When the line containing "大きな実をたくさん実らせた大" is found in the data below, copy it and each line after it through the line containing "Apie produktą PRODUKTO", exactly and with no others.

** Opening Data supplied block **

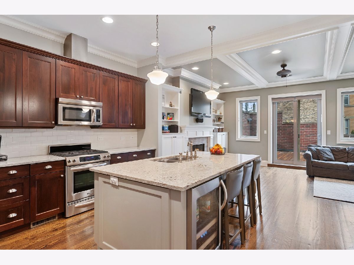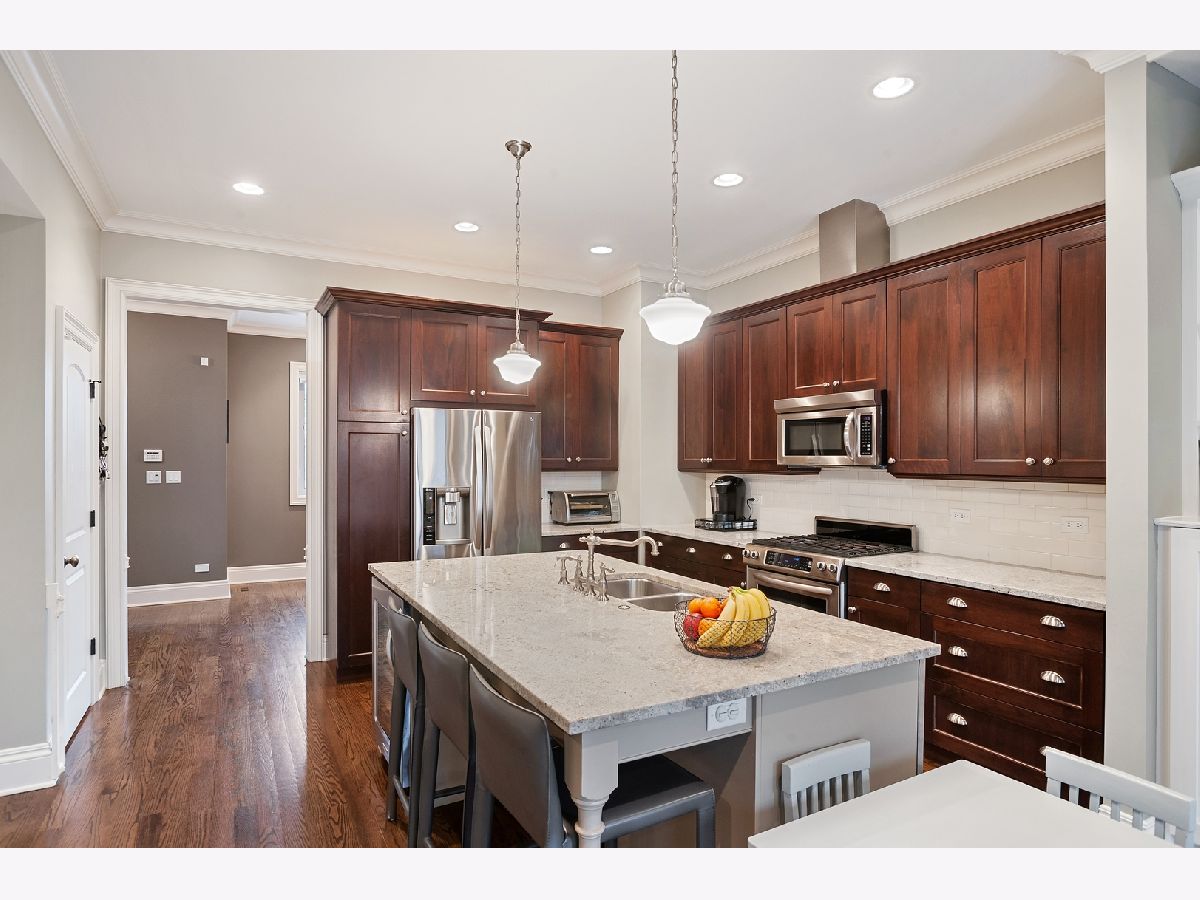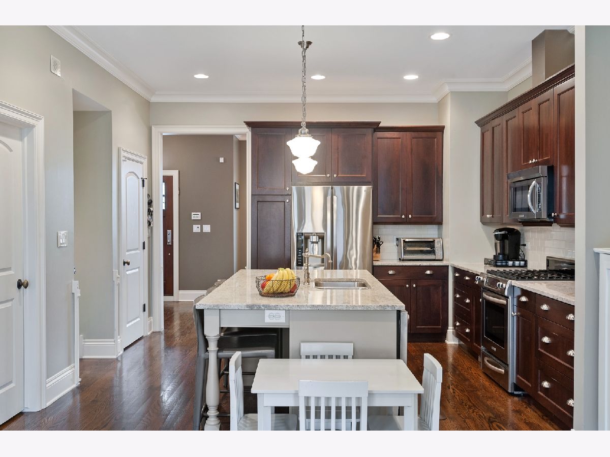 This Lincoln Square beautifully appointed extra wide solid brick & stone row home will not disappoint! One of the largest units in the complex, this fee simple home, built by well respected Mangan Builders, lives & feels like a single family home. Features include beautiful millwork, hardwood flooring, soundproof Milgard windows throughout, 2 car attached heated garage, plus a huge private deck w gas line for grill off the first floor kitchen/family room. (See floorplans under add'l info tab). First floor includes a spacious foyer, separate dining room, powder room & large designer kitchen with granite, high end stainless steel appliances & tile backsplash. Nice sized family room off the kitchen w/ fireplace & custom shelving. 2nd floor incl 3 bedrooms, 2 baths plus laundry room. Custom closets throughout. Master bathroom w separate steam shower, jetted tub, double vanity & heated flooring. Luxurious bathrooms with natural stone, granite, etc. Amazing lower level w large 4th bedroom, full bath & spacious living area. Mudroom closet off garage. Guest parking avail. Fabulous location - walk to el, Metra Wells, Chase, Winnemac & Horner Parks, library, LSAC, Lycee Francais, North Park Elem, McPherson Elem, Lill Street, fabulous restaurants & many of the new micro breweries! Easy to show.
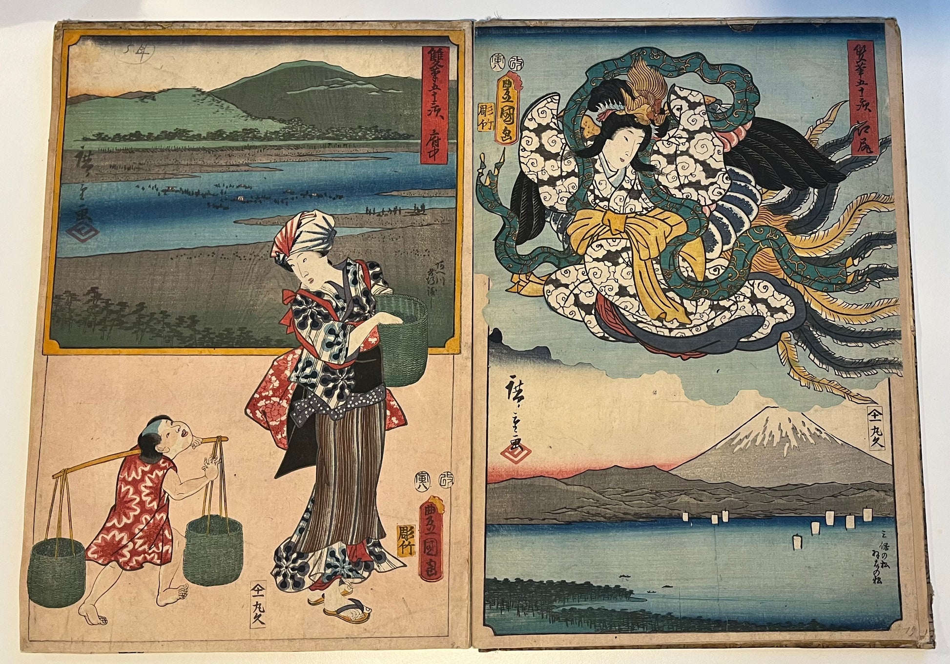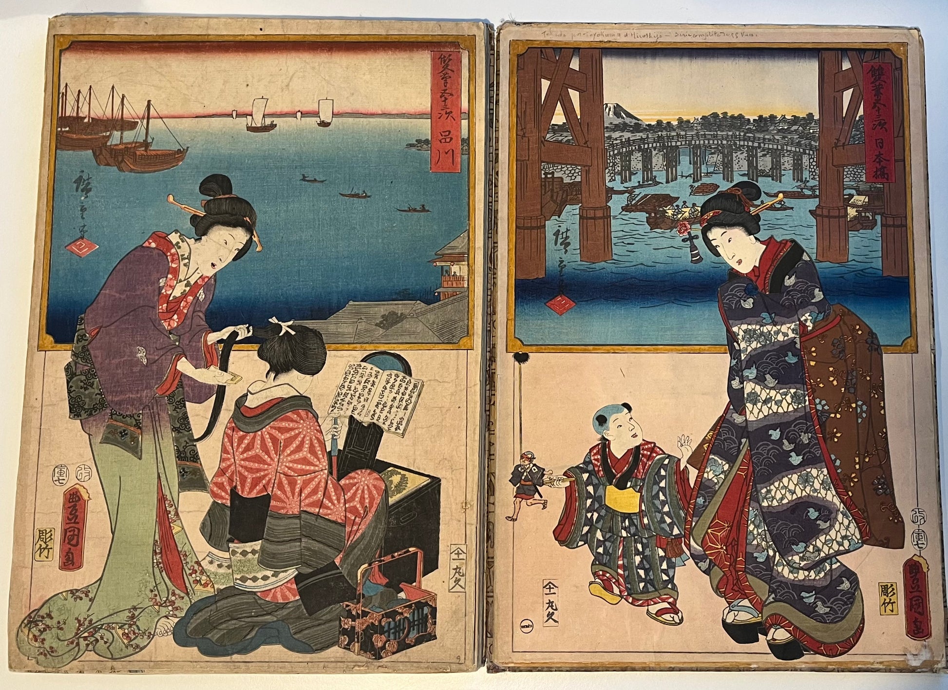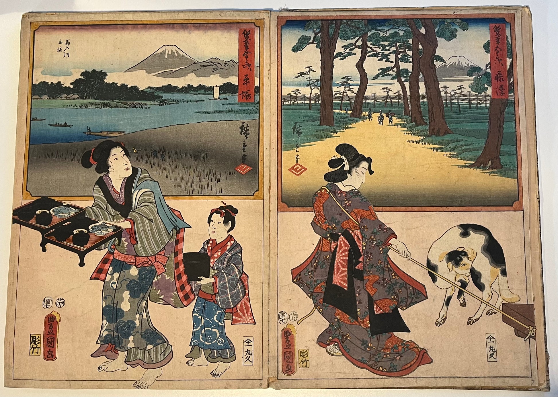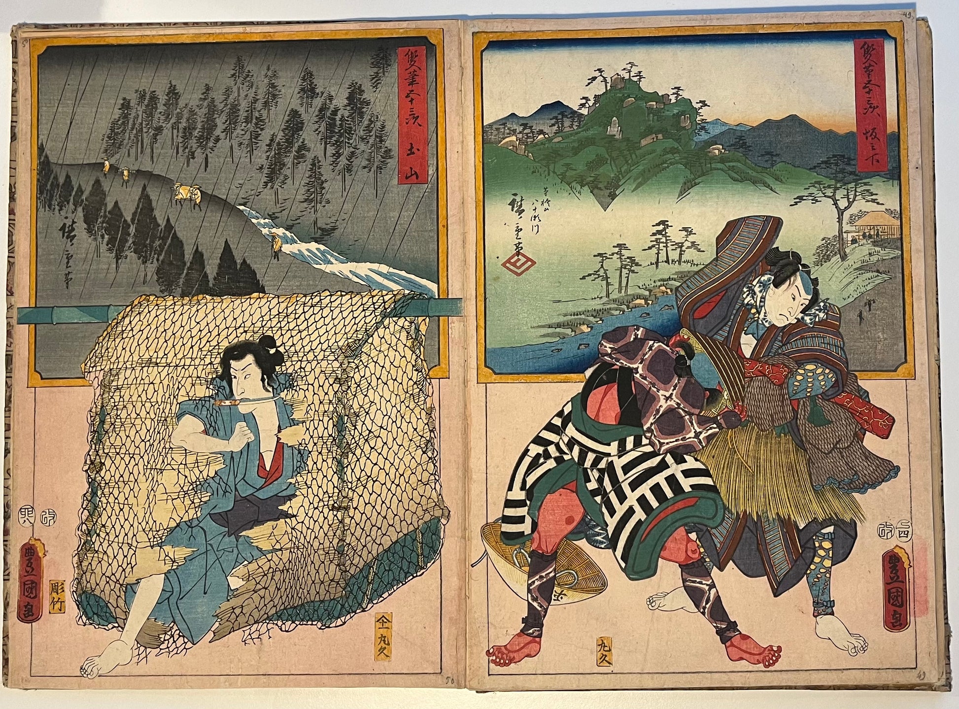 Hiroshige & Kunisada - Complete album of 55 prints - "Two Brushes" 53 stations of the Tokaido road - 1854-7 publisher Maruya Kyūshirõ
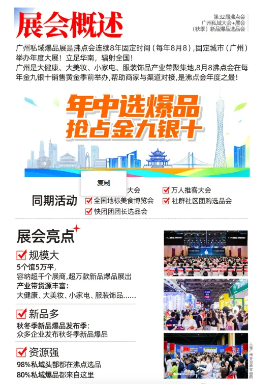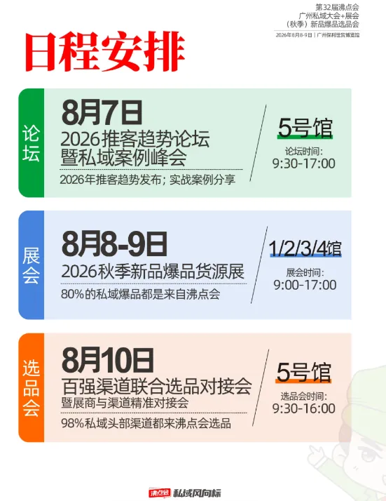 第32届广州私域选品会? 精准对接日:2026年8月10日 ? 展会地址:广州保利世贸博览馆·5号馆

** Closing Data supplied block **
** Opening Data supplied block **

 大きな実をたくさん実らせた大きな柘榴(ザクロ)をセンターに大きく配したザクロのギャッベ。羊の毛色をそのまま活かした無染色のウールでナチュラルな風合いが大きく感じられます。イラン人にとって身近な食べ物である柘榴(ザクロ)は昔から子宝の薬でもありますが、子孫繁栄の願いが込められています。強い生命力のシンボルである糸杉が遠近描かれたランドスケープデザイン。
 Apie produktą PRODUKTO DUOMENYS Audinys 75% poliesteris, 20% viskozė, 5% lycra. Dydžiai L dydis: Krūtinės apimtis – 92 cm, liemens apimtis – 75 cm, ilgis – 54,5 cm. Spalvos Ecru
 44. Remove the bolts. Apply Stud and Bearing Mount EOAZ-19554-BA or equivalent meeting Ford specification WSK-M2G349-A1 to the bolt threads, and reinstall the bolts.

** Closing Data supplied block **
** Opening Data supplied block **

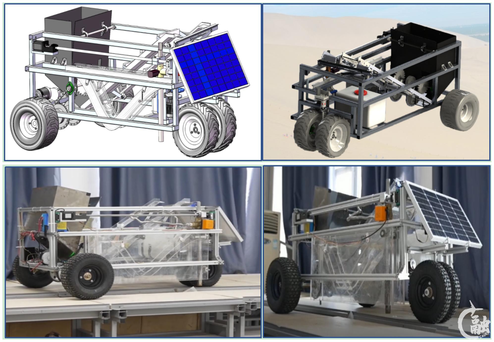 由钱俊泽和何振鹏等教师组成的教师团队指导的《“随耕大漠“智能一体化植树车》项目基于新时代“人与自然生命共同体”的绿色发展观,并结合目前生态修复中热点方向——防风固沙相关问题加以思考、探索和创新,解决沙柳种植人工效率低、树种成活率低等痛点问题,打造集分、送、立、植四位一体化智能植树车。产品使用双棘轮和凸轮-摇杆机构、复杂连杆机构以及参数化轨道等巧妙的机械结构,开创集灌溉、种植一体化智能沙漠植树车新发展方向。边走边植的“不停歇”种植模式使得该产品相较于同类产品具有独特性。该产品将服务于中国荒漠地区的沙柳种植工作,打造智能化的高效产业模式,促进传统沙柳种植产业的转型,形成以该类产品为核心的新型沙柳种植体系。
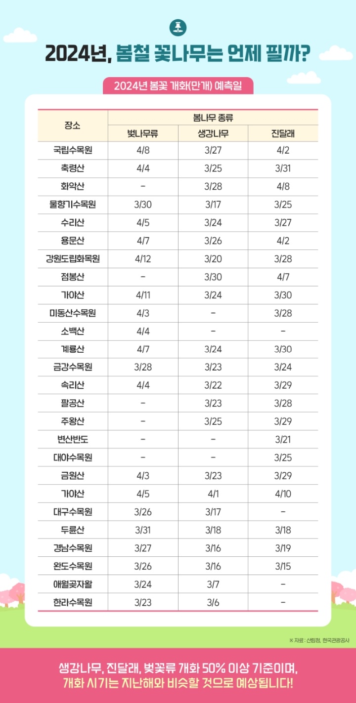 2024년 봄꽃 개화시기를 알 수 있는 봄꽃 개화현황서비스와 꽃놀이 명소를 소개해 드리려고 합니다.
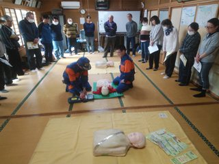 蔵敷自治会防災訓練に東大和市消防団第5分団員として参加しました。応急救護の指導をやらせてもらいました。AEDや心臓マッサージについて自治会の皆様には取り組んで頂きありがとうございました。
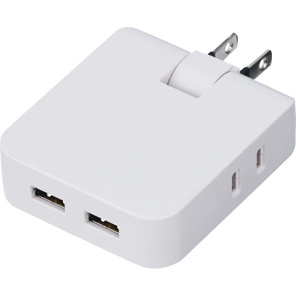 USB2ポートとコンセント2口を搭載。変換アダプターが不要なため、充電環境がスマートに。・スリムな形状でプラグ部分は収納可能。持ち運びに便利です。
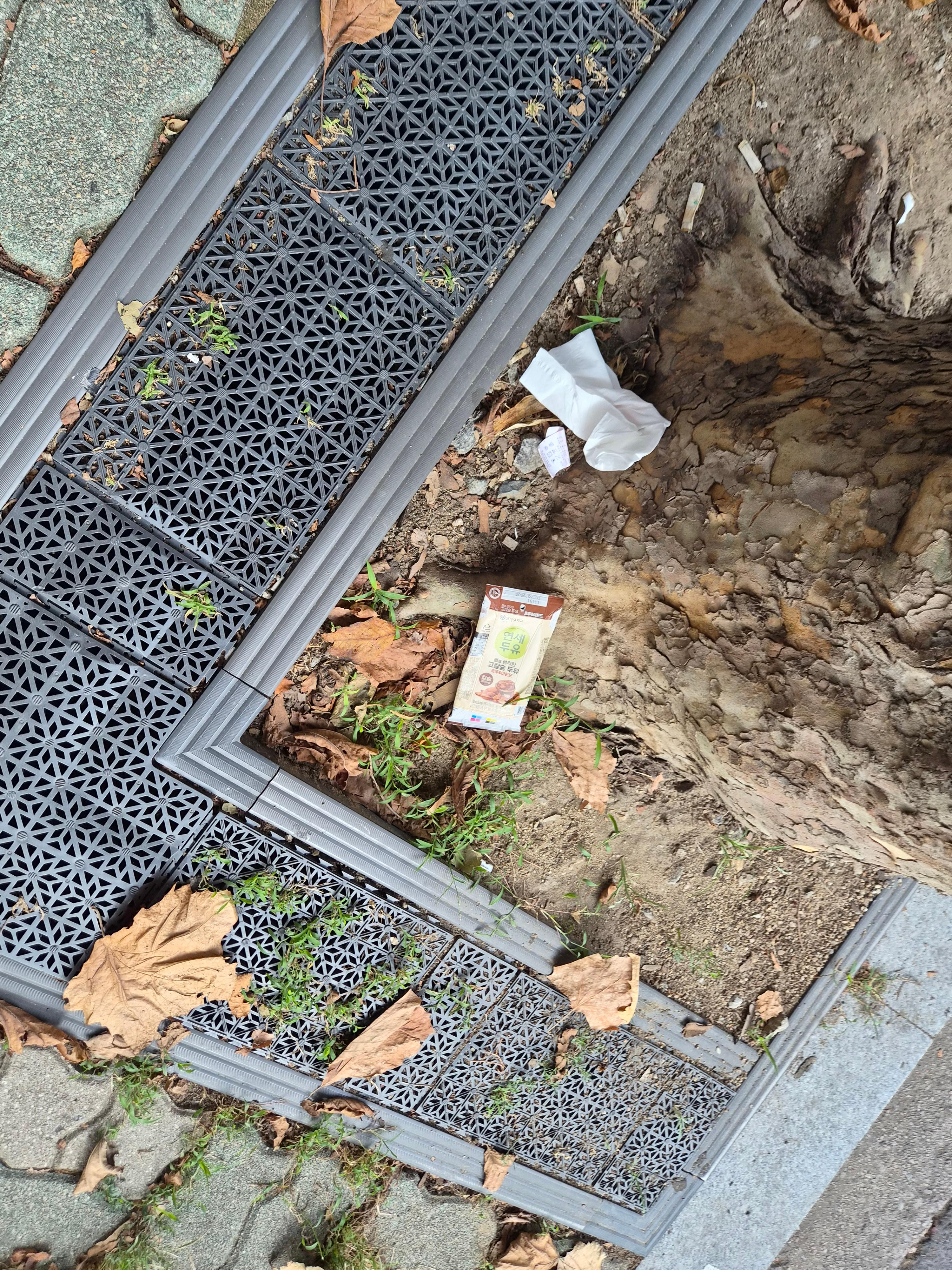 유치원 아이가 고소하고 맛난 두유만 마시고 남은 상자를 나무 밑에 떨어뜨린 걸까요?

** Closing Data supplied block **

_Written answer:_
 大きな実をたくさん実らせた大きな柘榴(ザクロ)をセンターに大きく配したザクロのギャッベ。羊の毛色をそのまま活かした無染色のウールでナチュラルな風合いが大きく感じられます。イラン人にとって身近な食べ物である柘榴(ザクロ)は昔から子宝の薬でもありますが、子孫繁栄の願いが込められています。強い生命力のシンボルである糸杉が遠近描かれたランドスケープデザイン。
 Apie produktą PRODUKTO DUOMENYS Audinys 75% poliesteris, 20% viskozė, 5% lycra. Dydžiai L dydis: Krūtinės apimtis – 92 cm, liemens apimtis – 75 cm, ilgis – 54,5 cm. Spalvos Ecru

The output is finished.